Fri. Sep 20th, 2024

Speech by Fabio Panetta, Member of the Executive Board of the ECB, at the panel on “Cross-border dimensions of non-bank financial intermediation: what are the priorities for building resilience globally?”, as part of the UK G7 Presidency Conference on “Safe Openness in Global Trade and Finance” hosted by the Bank of England

8 October 2021

In the years since the global financial crisis, non-bank financial intermediaries (NBFIs) have shown continuous growth, and now account for more than half of global financial assets.[1]
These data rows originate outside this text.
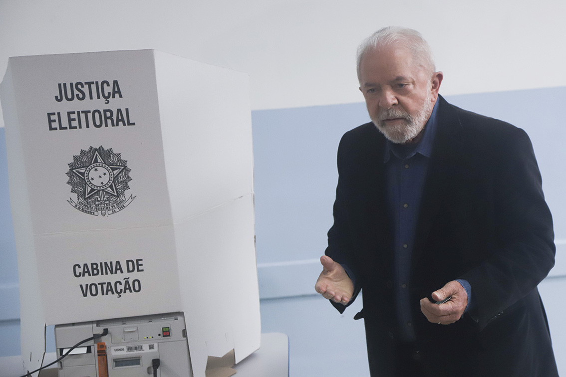 10月2日,巴西左翼阵营劳工党候选人、前总统卢拉在圣保罗一处投票站参加投票。
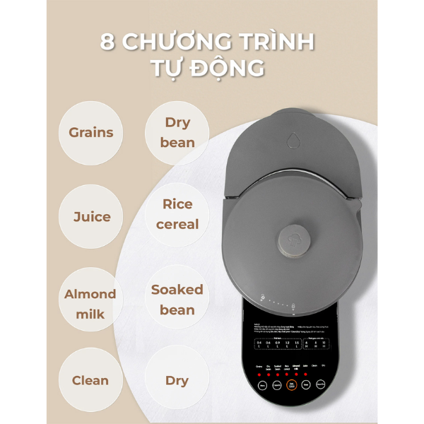 Cối xay thủy tinh Borosilicate dung tích 1.6L an toàn sức khỏe, chịu nhiệt cao, không bám mùi và dễ quan sát quá trình xay. Máy đi kèm 8 chương trình nấu sẵn bao gồm sữa hạt, cháo, soup, sinh tố, hạt khô, hạt mềm, sinh tố lạnh và detox, giúp người dùng dễ dàng chế biến thực phẩm chỉ với một nút bấm.
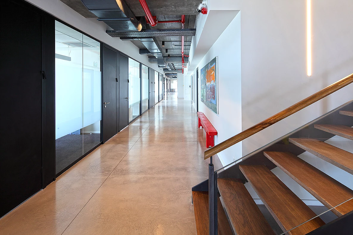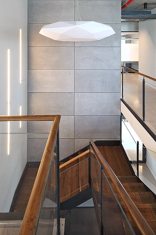 הקמת משרד עורכי דיון שכלל חיבור שתי קומות גבוהות באמצעות גרם מדרגות. שילוב של תכנון הנדסי קפדני בלוחות זמנים צפופים.
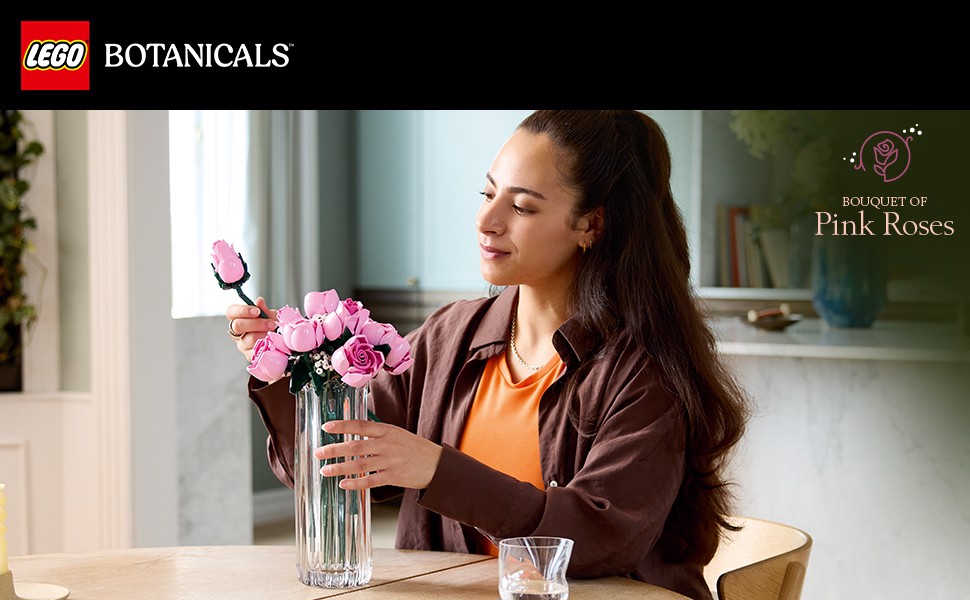 Kit di bouquet costruibile: coltiva la gioia creativa con questo set di costruzione Bouquet di rose rosa LEGO® Botanicals per adulti, ricco di dettagli fioriti
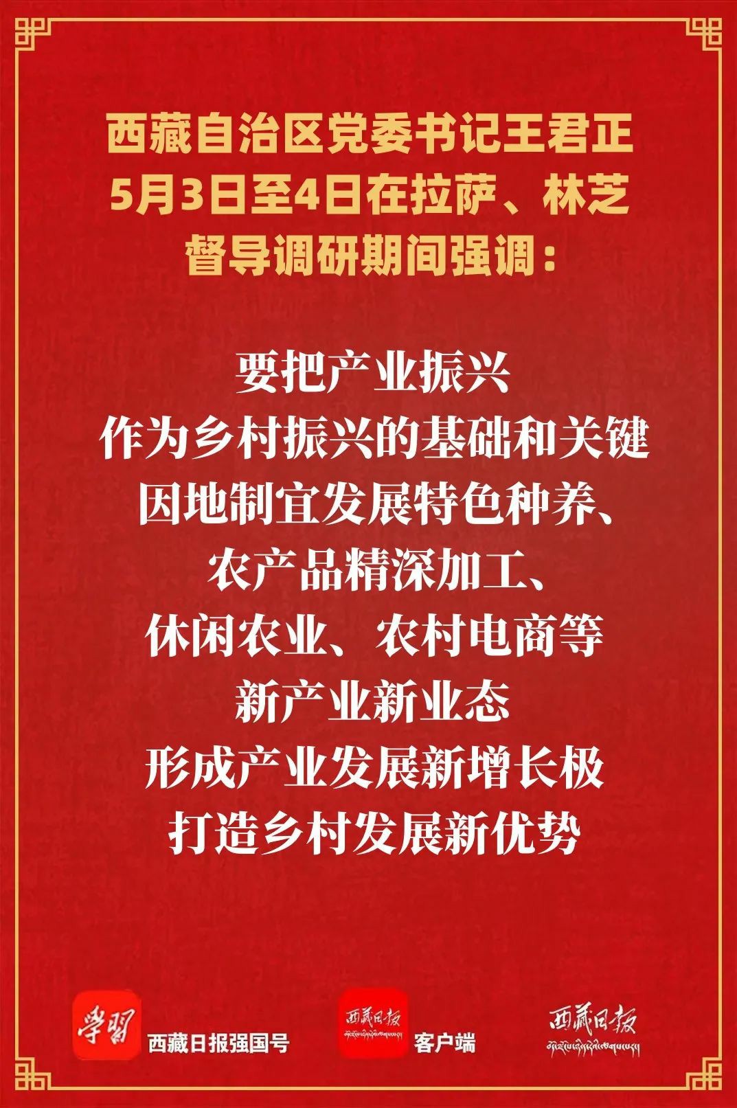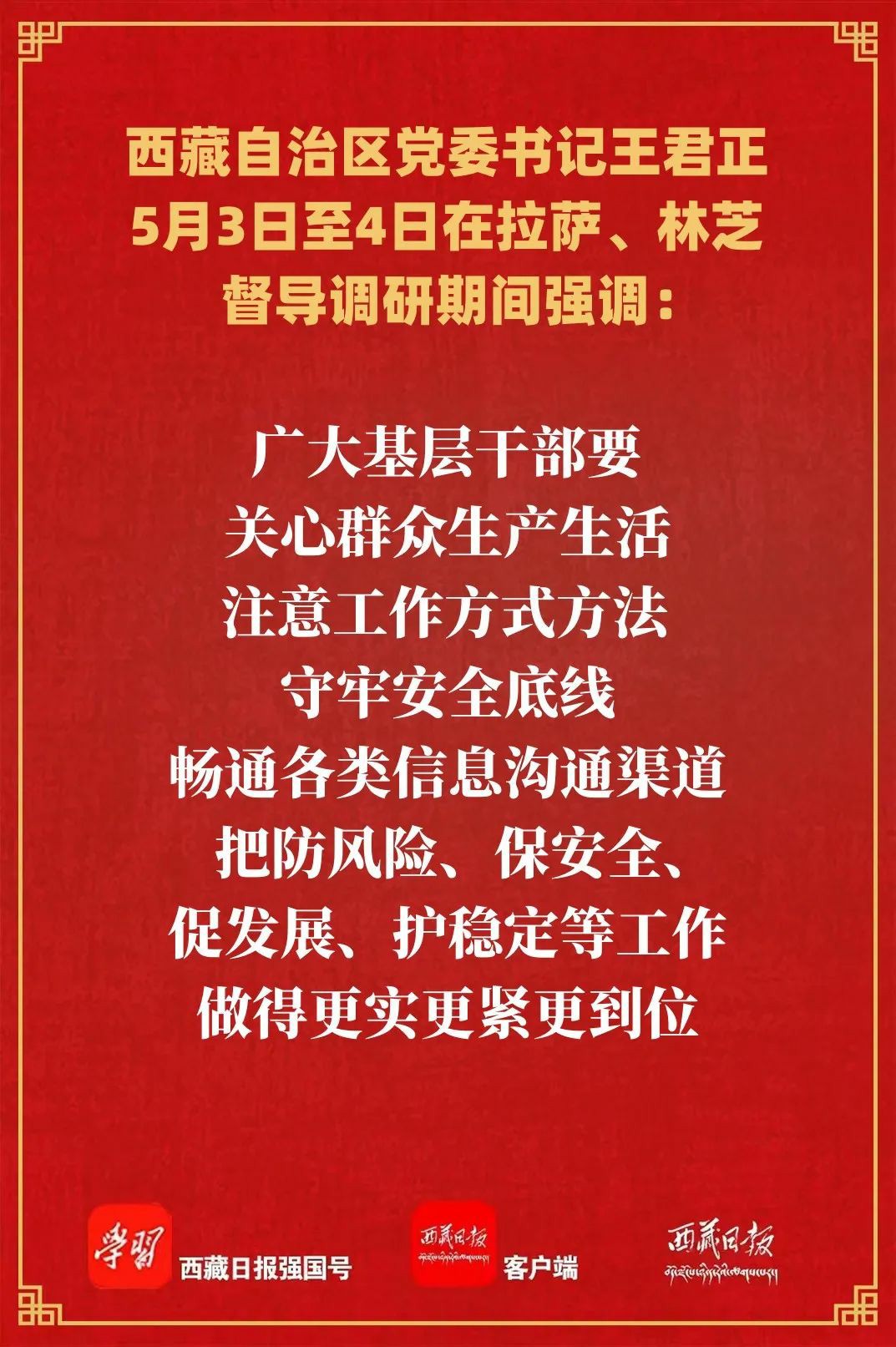 5月3日至4日,自治区党委书记王君正在拉萨市墨竹工卡县日多乡、林芝市巴宜区布久乡调研节日值班备勤、乡村振兴、安全生产等工作,并看望西藏农牧学院广大青年和青年工作者。强调,要坚持以习近平新时代中国特色社会主义思想为指导,深入贯彻落实习近平总书记关于西藏工作重要指示和新时代党的治藏方略,关心群众生产生活,注意工作方式方法,扎实开展好主题教育,不断增强各族群众获得感幸福感安全感,以长治久安和高质量发展的实际成效检验主题教育成果。
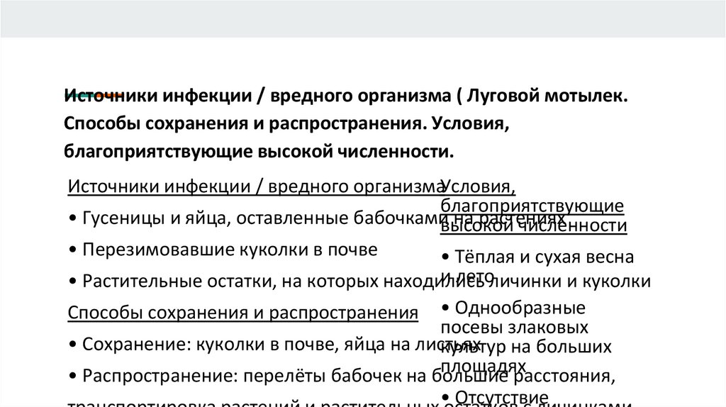 Источники инфекции / вредного организма ( Луговой мотылек.Способы сохранения и распространения. Условия,
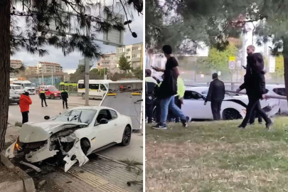 Bursa'da sürücüsünün kontrolünden çıkan milyonluk lüks otomobil, ağaca çarparak pert oldu.

Although there are a variety of reasons for this development, one of the factors has been the stricter banking regulation adopted after the global financial crisis constraining the risk-taking of banks.[2] The regulatory reforms of the last decade have promoted financial stability, especially in the banking sector.[3] At the same time, these reforms have been accompanied by an expansion of actors outside the regulatory perimeter.

NBFIs have grown faster than banks over much of the past decade: in the euro area, their assets have almost doubled, reaching €48 trillion in December 2020 (Chart 1). In the same period, non-bank finance has become an important source of funding for the real economy: its share of credit to non-financial corporations has increased from about 15% to 30% (Chart 2).

The growth of NBFIs is not the only factor shaping the rapid change of global financial markets. Digitalisation is challenging traditional financial intermediation, for example through the emergence of decentralised finance platforms that are becoming increasingly used. But we can expect more disruptive changes if two related – but up to now parallel – trends eventually converge.

On one side, global technological companies – or “big techs”, such as Google, Amazon, Facebook and Apple (GAFA) – have started offering financial services and, given their size, their large customer base and their access to unique information, are becoming more and more relevant global players in the markets. On the other side, digital assets such as crypto-assets and stablecoins are growing rapidly, although their take-up and reach in payments has remained limited so far. If big techs start issuing global stablecoins, we could see these two trends meet and alter the functioning of global financial markets.

Today, I will argue that if we are to address the cross-border challenges stemming from the expansion of NBFIs, we not only need to strengthen the regulatory and macroprudential approach to these institutions, we also need to widen the regulatory perimeter.

It took the global financial crisis to overhaul the regulation of banks and the coronavirus (COVID-19) crisis to trigger discussions on a more robust framework for money market funds, investment funds and margining practices. We should not wait for another crisis to regulate an increasingly digitalised finance with new global players.